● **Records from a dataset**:
--------------------
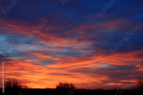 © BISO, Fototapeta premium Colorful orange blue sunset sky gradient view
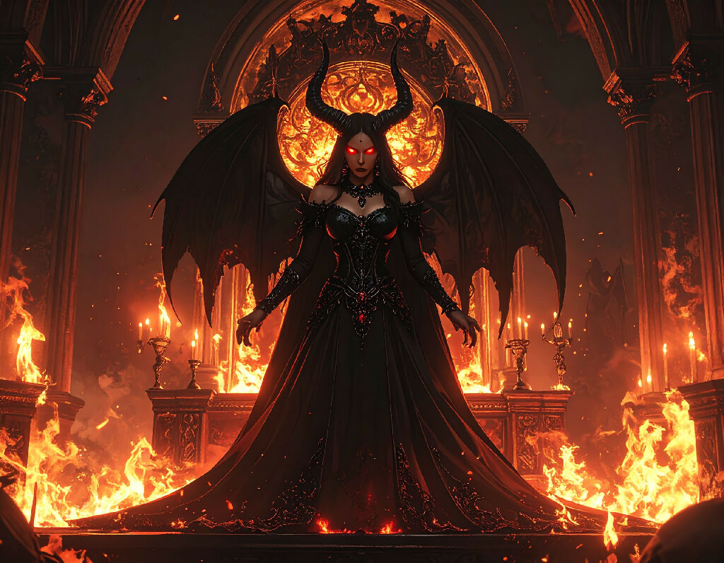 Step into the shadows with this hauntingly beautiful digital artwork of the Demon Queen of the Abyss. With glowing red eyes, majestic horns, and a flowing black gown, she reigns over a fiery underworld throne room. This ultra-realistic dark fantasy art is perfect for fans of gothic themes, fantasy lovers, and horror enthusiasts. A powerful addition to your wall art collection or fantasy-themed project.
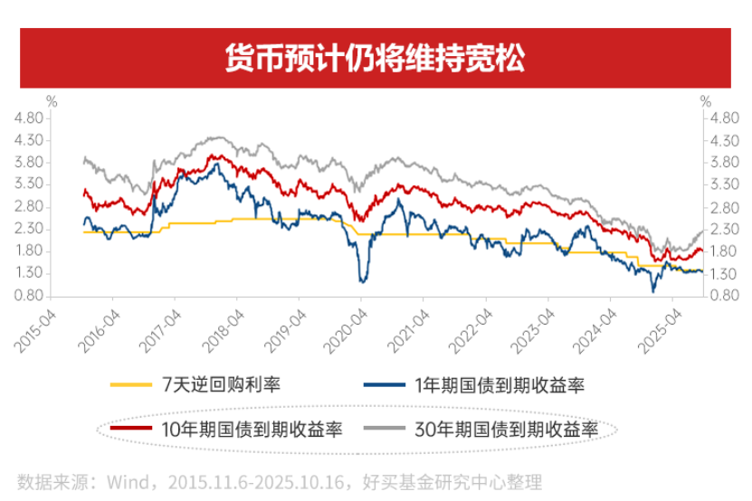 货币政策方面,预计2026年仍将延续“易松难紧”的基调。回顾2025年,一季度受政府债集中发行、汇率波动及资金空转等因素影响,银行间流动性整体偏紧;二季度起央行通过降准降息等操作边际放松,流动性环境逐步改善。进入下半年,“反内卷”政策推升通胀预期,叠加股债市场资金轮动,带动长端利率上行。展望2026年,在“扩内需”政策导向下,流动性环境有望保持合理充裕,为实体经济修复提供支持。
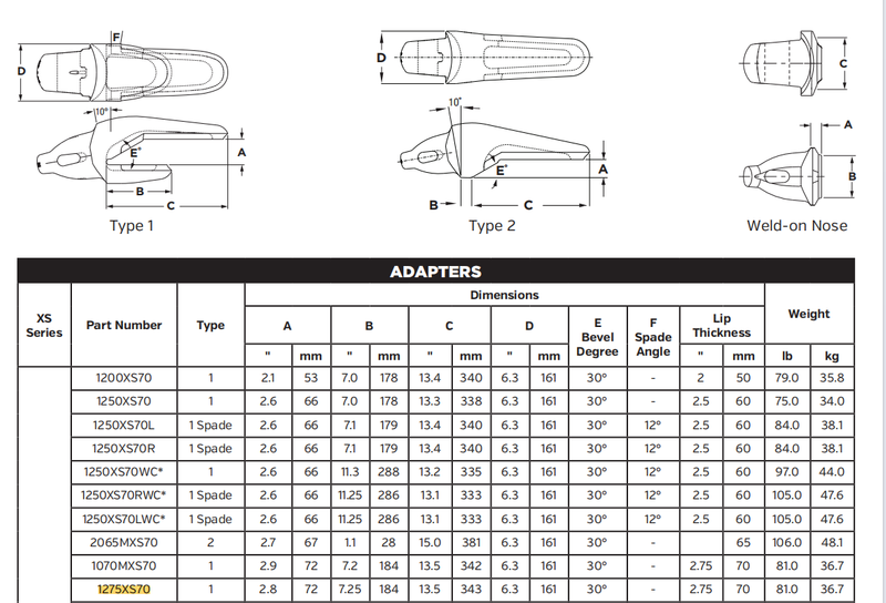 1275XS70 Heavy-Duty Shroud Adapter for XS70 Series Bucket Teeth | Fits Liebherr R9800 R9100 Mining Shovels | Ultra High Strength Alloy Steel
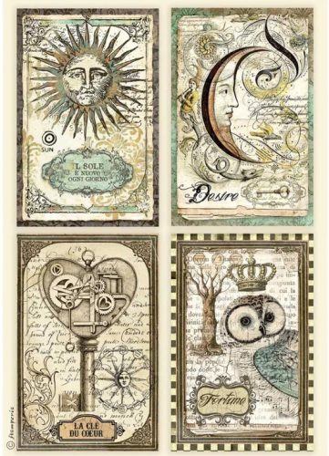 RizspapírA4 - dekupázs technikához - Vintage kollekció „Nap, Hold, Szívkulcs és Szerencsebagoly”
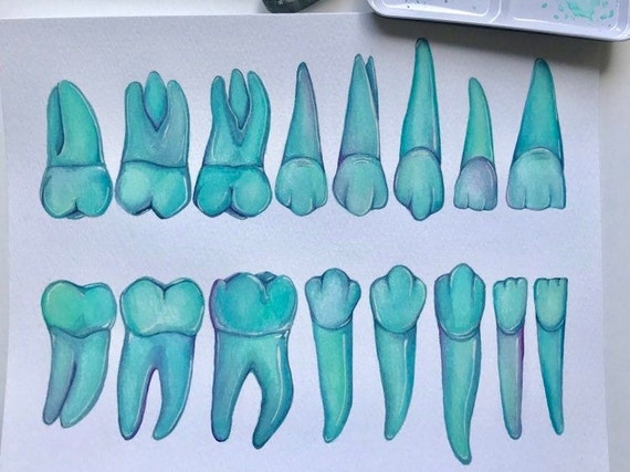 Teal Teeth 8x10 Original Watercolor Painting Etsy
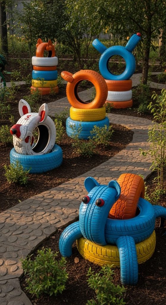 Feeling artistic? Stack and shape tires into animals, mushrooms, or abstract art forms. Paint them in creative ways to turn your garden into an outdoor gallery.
--------------------
● **TO DO**:
Pictures aside, retype all of the entries word for word.

● **SOLVED PROBLEM**:
 © BISO, Fototapeta premium Colorful orange blue sunset sky gradient view
 Step into the shadows with this hauntingly beautiful digital artwork of the Demon Queen of the Abyss. With glowing red eyes, majestic horns, and a flowing black gown, she reigns over a fiery underworld throne room. This ultra-realistic dark fantasy art is perfect for fans of gothic themes, fantasy lovers, and horror enthusiasts. A powerful addition to your wall art collection or fantasy-themed project.
 货币政策方面,预计2026年仍将延续“易松难紧”的基调。回顾2025年,一季度受政府债集中发行、汇率波动及资金空转等因素影响,银行间流动性整体偏紧;二季度起央行通过降准降息等操作边际放松,流动性环境逐步改善。进入下半年,“反内卷”政策推升通胀预期,叠加股债市场资金轮动,带动长端利率上行。展望2026年,在“扩内需”政策导向下,流动性环境有望保持合理充裕,为实体经济修复提供支持。
 1275XS70 Heavy-Duty Shroud Adapter for XS70 Series Bucket Teeth | Fits Liebherr R9800 R9100 Mining Shovels | Ultra High Strength Alloy Steel
 RizspapírA4 - dekupázs technikához - Vintage kollekció „Nap, Hold, Szívkulcs és Szerencsebagoly”
 Teal Teeth 8x10 Original Watercolor Painting Etsy
 Feeling artistic? Stack and shape tires into animals, mushrooms, or abstract art forms. Paint them in creative ways to turn your garden into an outdoor gallery.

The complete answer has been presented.